Summit Supports The Stop The Trafficking Run

On Saturday, June 13th, you are invited to join runners gathering in Eden Prairie for a 5K to raise awareness about human trafficking and support the organizations who care for rescued victims.

Dr. Sarah Lehnert and her family believe in the importance of an athletic life, and in giving back to their community. In 2014, when Sarah’s husband Mark was invited to help with the logistics of an inaugural run to raise awareness and funds to support exploited children, his volunteer race planning evolved into a project involving the entire Lehnert family.

“Human trafficking is a serious issue right here in our own communities,” says Mark Lehnert. “The average age of girls rescued from trafficking is 12 to 13 years old; these are little girls. The underground nature of the crime makes data difficult to gather, but the FBI estimates that the Twin Cities area is ranked13th in the nation in terms of human trafficking activity. Our race proceeds are used to shelter, educate, and rehabilitate the children rescued from trafficking by local police.”

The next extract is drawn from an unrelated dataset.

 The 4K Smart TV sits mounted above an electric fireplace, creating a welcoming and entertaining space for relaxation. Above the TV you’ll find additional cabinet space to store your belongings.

Dr. Lehnert joined her husband in supporting the first Stop the Trafficking run. As a non-surgical sports medicine physician, she provided medical coverage for the event, assisted by her colleague, Dr. Angela Voight. They arrived on race day not sure how many runners to expect, but with resources to handle any emergency that might arise, from a cardiac event to a sprained ankle or bee sting.

“A marathon is more demanding than a 5K, but it’s still important to have medical coverage in case of injury or a life threatening event,” Dr. Lehnert explains. “The more relaxed atmosphere of the 5K gave us time to talk with runners and answer their questions about training issues, running shoes, or symptoms they are having when they run. This event is also an opportunity for us to work with the police to make people aware of trafficking here in Eden Prairie, so we can take steps to stop it. This is a cause-driven event with a sports medicine education aspect. We love interacting with the community and the runners; it’s a great way for us to go into the community and give back.”

Last year’s launch race attracted 850 participants, and raised $18,000 for local organizations that help trafficked victims. This year, with strong corporate sponsorship from organizations including Summit Orthopedics, the race is attracting a growing number of runners. The Lehnerts estimate that Saturday’s run will raise at least $30,000 to provide housing, education, and rehabilitation services for young girls rescued from trafficking.

“As parents, Mark and I feel very strongly about this issue,” says Dr. Lehnert. “Our daughters are our personal motivation to actively help the homeless and runaway girls who fall victim to trafficking predators. We want to model the importance of exercise and a passion for community service for our girls. Last year, our oldest daughter ran; it was her first 5K event ever. She’s running again this year, and her sister may also run or walk the race, while our youngest will be my helper at the medical tent.”

“We invite everyone to come out and join us,” says Dr. Lehnert. “You’ll be raising money for an important cause, getting a healthy workout, and we’ll be available to answer your questions. It’s going to be a great day that will really matter to trafficked children who need our help.”